Des implications mondiales pour les politiques de santé publique

Les conclusions de cette étude pourraient avoir un impact significatif sur les politiques de santé publique à l’échelle internationale. Plusieurs pays, dont la France et le Royaume-Uni, avaient jusqu’ici encouragé le vapotage comme outil de réduction des risques pour les fumeurs incapables de renoncer à la nicotine. Cependant, ces nouvelles données pourraient inciter les autorités à revoir leurs recommandations.

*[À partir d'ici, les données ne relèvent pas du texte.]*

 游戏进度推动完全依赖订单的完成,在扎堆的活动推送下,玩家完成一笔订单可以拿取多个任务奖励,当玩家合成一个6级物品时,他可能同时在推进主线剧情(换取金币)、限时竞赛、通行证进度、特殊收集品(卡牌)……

En France, la Haute Autorité de Santé (HAS) a indiqué qu’elle prendrait en compte ces résultats dans sa prochaine révision des recommandations sur l’aide à l’arrêt du tabac, prévue pour fin 2026. La HAS rappelle par ailleurs que les méthodes d’arrêt conventionnelles, telles que les substituts nicotiniques ou les thérapies comportementales, restent les plus efficaces et les mieux documentées.

Et maintenant ?

Cette étude ouvre la voie à de nouvelles recherches sur les effets à long terme du vapotage. Les scientifiques soulignent la nécessité de mener des études complémentaires pour évaluer précisément les risques cancéreux liés à la cigarette électronique, notamment en distinguant les différents types de produits (liquides nicotiniques, sans nicotine, etc.).

Dans l’immédiat, les experts appellent à une meilleure information du public sur les risques du vapotage, en particulier pour les anciens fumeurs. Une réunion est prévue en septembre 2026 lors du Congrès mondial de pneumologie, où ces résultats seront discutés avec des acteurs internationaux de la santé publique.

Cette étude rappelle une fois de plus que, face à la nicotine, la prudence reste de mise. Si le vapotage peut sembler être une solution de transition, ses risques pour la santé ne doivent pas être sous-estimés.

Selon l’étude publiée dans Nature Medicine, le vapotage reste moins nocif que la cigarette traditionnelle, mais il n’est pas sans risque. Les anciens fumeurs qui se tournent vers le vapotage présentent un risque accru de cancer du poumon et de mortalité par rapport à ceux ayant完全 arrêté de fumer. L’arrêt total du tabac reste donc la solution la plus sûre.

Les méthodes les plus efficaces et validées scientifiquement incluent les substituts nicotiniques (patchs, gommes), les médicaments comme le bupropion ou la varénicline, ainsi que les thérapies comportementales. Le vapotage, bien que parfois utilisé comme outil de sevrage, ne figure pas parmi les méthodes recommandées en première intention.